### MATERIAL PROVIDED:
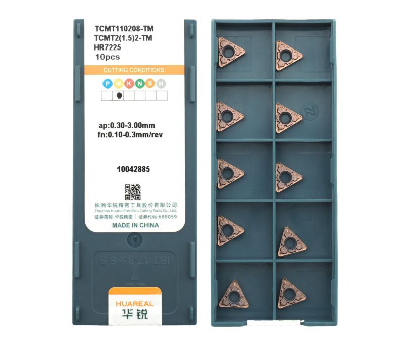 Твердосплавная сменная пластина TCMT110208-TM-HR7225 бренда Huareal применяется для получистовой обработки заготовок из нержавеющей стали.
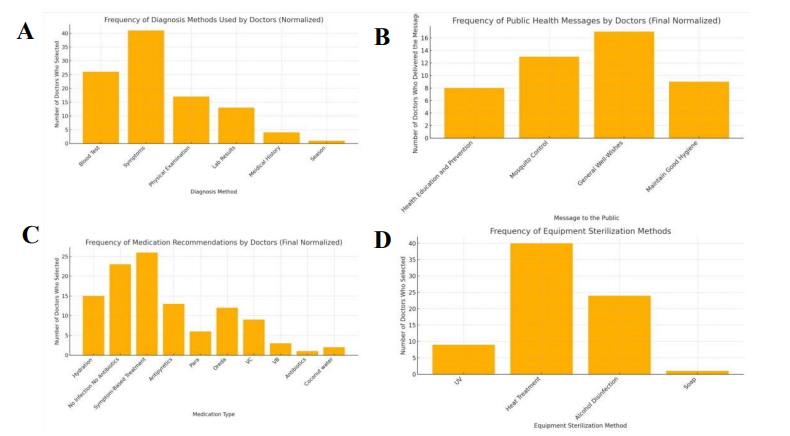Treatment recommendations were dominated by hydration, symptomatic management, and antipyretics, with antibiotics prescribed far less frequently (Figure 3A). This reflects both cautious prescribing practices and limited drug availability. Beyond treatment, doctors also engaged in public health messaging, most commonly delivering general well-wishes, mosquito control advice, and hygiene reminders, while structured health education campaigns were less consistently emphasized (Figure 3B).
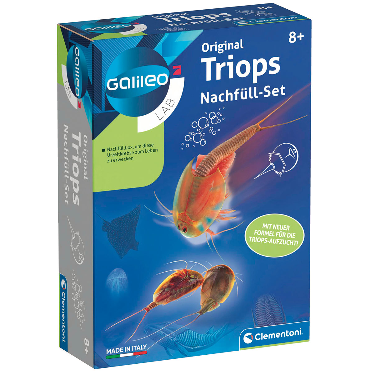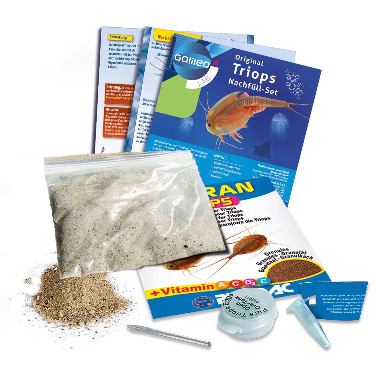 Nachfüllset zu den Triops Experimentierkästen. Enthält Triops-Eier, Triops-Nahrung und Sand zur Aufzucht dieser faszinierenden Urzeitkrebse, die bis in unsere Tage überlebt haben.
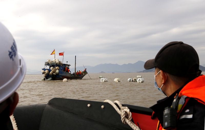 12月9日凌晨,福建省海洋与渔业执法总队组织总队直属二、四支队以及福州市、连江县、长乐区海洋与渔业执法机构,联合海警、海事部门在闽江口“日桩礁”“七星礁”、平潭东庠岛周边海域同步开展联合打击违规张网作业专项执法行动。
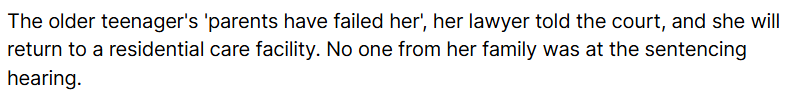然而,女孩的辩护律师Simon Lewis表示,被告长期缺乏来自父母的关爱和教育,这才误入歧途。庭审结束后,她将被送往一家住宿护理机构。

### PROBLEM TO SOLVE:
Your copy should match the records above word for word, but without images.

### ANSWER SPACE:
 Твердосплавная сменная пластина TCMT110208-TM-HR7225 бренда Huareal применяется для получистовой обработки заготовок из нержавеющей стали.
Treatment recommendations were dominated by hydration, symptomatic management, and antipyretics, with antibiotics prescribed far less frequently (Figure 3A). This reflects both cautious prescribing practices and limited drug availability. Beyond treatment, doctors also engaged in public health messaging, most commonly delivering general well-wishes, mosquito control advice, and hygiene reminders, while structured health education campaigns were less consistently emphasized (Figure 3B).
 Nachfüllset zu den Triops Experimentierkästen. Enthält Triops-Eier, Triops-Nahrung und Sand zur Aufzucht dieser faszinierenden Urzeitkrebse, die bis in unsere Tage überlebt haben.
 12月9日凌晨,福建省海洋与渔业执法总队组织总队直属二、四支队以及福州市、连江县、长乐区海洋与渔业执法机构,联合海警、海事部门在闽江口“日桩礁”“七星礁”、平潭东庠岛周边海域同步开展联合打击违规张网作业专项执法行动。
然而,女孩的辩护律师Simon Lewis表示,被告长期缺乏来自父母的关爱和教育,这才误入歧途。庭审结束后,她将被送往一家住宿护理机构。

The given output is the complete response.